Businesses that do not wish to prophylactically reclassify workers, can use Section 530 relief if audited by the IRS. Section 530 relief provides a “safe harbor” to businesses, permitting them to treat individuals performing labor on their behalf as independent contractors rather than as an employee for employment tax purposes, even if the individuals performing labor are technically employees under the common law. Under § 530, a taxpayer can treat an individual as an independent contractor for employment tax purposes if: (1) the taxpayer doesn't treat the individual as an employee for any period; (2) the taxpayer doesn't treat any other individual holding a substantially similar position as an employee for any period; (3) the taxpayer files all required federal tax returns on a basis consistent with treating the individual as a nonemployee; and (4) the taxpayer has a reasonable basis for not treating the individual as an employee.

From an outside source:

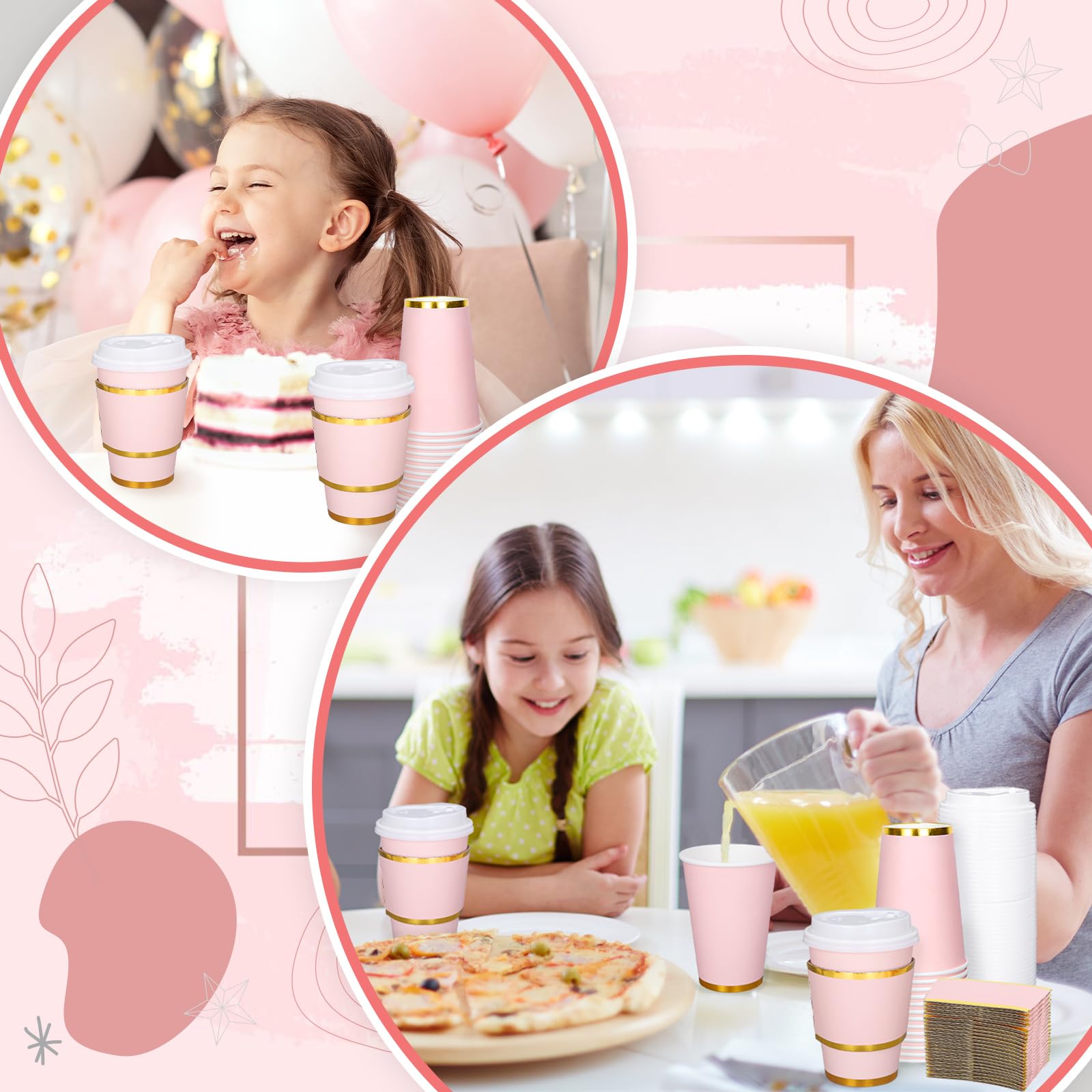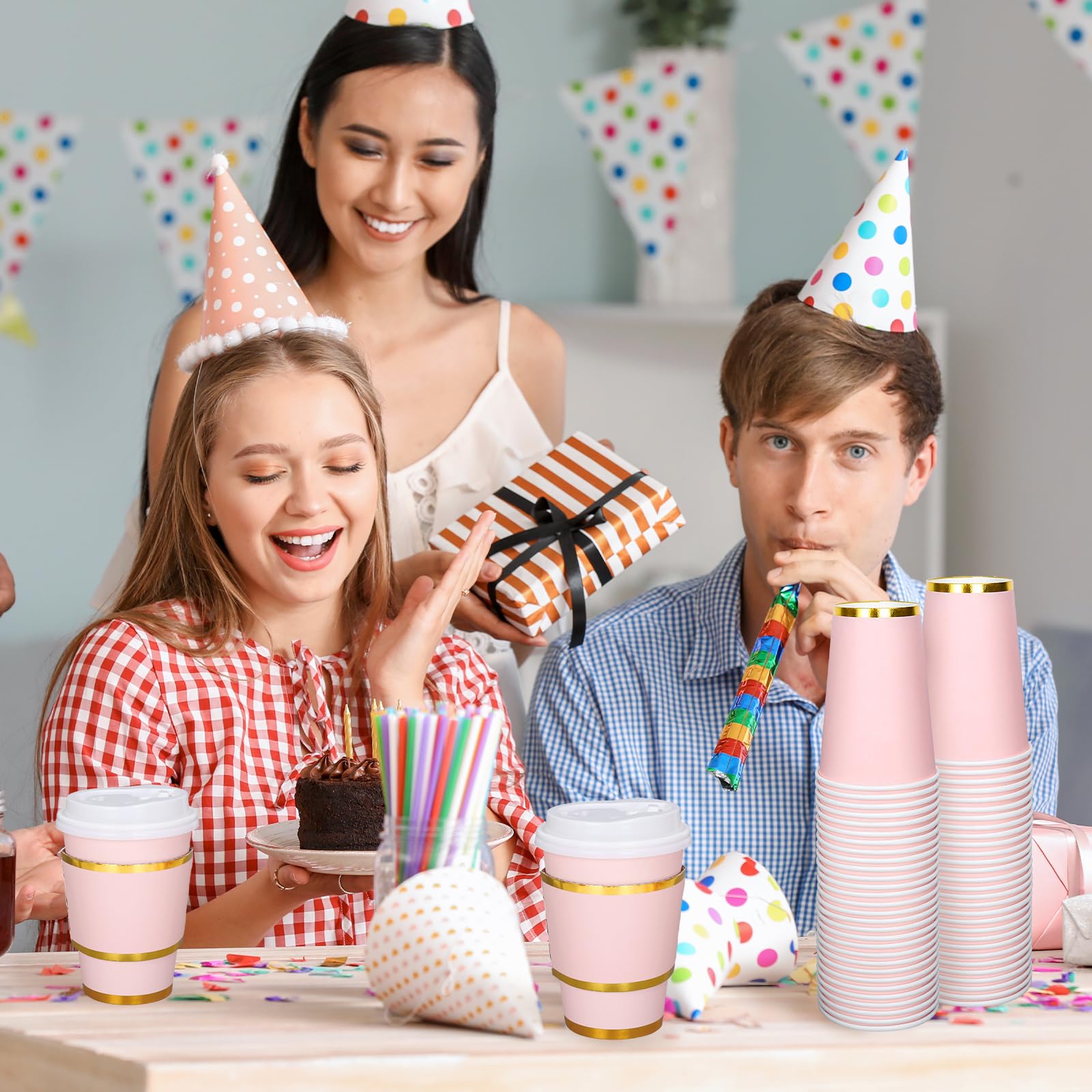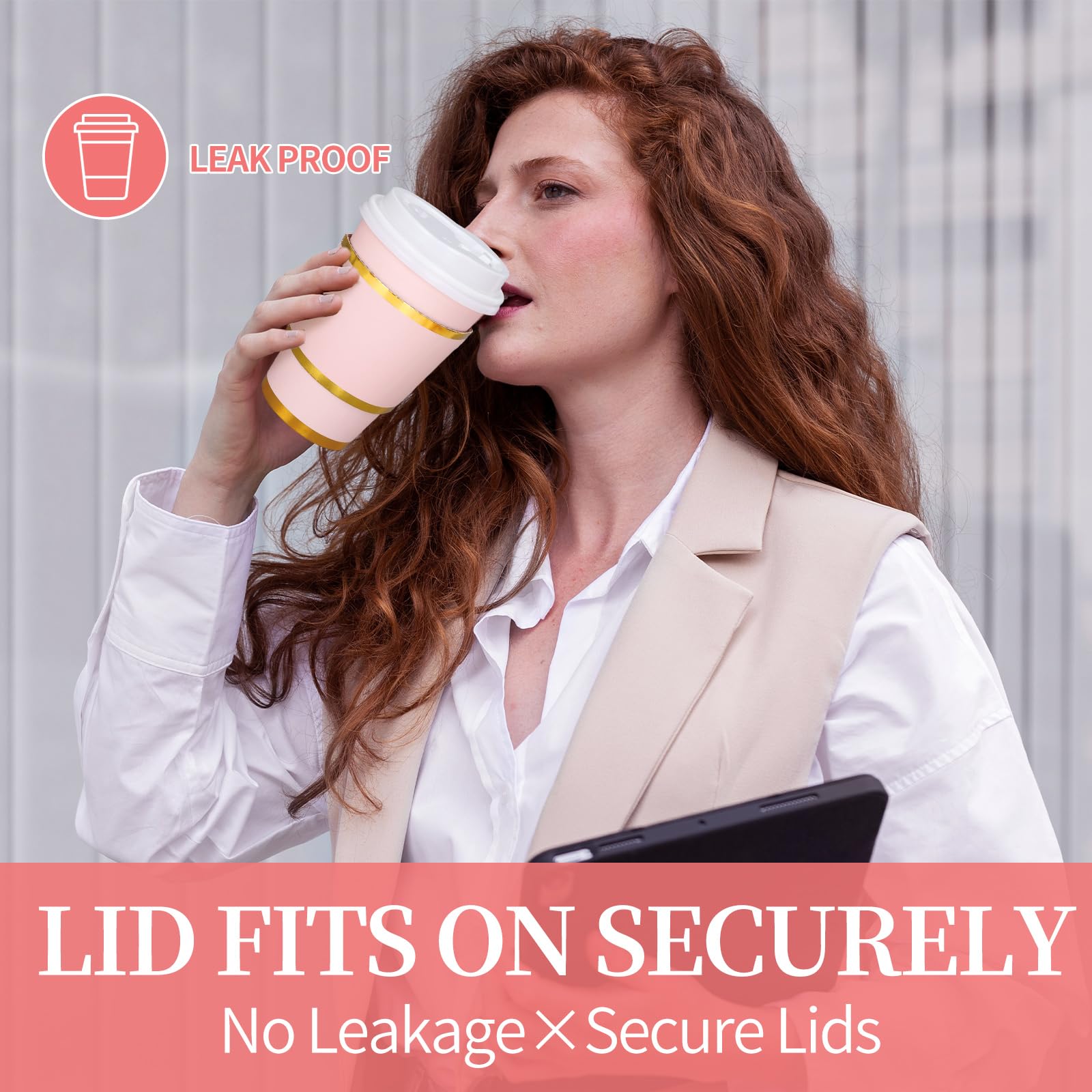 JarThenaAMCS 50Pcs Light Pink Disposable Coffee Cups with Lids and Sleeves 12Oz Foil Gold Border Pink Party Paper Tableware for Wedding Holiday Picnic Birthday Party Bridal Favor Coffee Beverage Tea

A reasonable basis can be shown if the taxpayer reasonably relies on any one of the following:
(A) judicial precedent, published rulings, technical advice with respect to the taxpayer, or a letter ruling to the taxpayer;
(B) a past Internal Revenue Service audit of the taxpayer in which there was no assessment attributable to the treatment (for employment tax purposes) of the individuals holding positions substantially similar to the position held by this individual; or,
(C) long-standing recognized practice of a significant segment of the industry in which such individual was engaged.
(D) other reasonable basis (catch-all)
Section 530 relief does not apply at the State level without specific legislation stating so. For example, New York has not adopted Section 530 relief.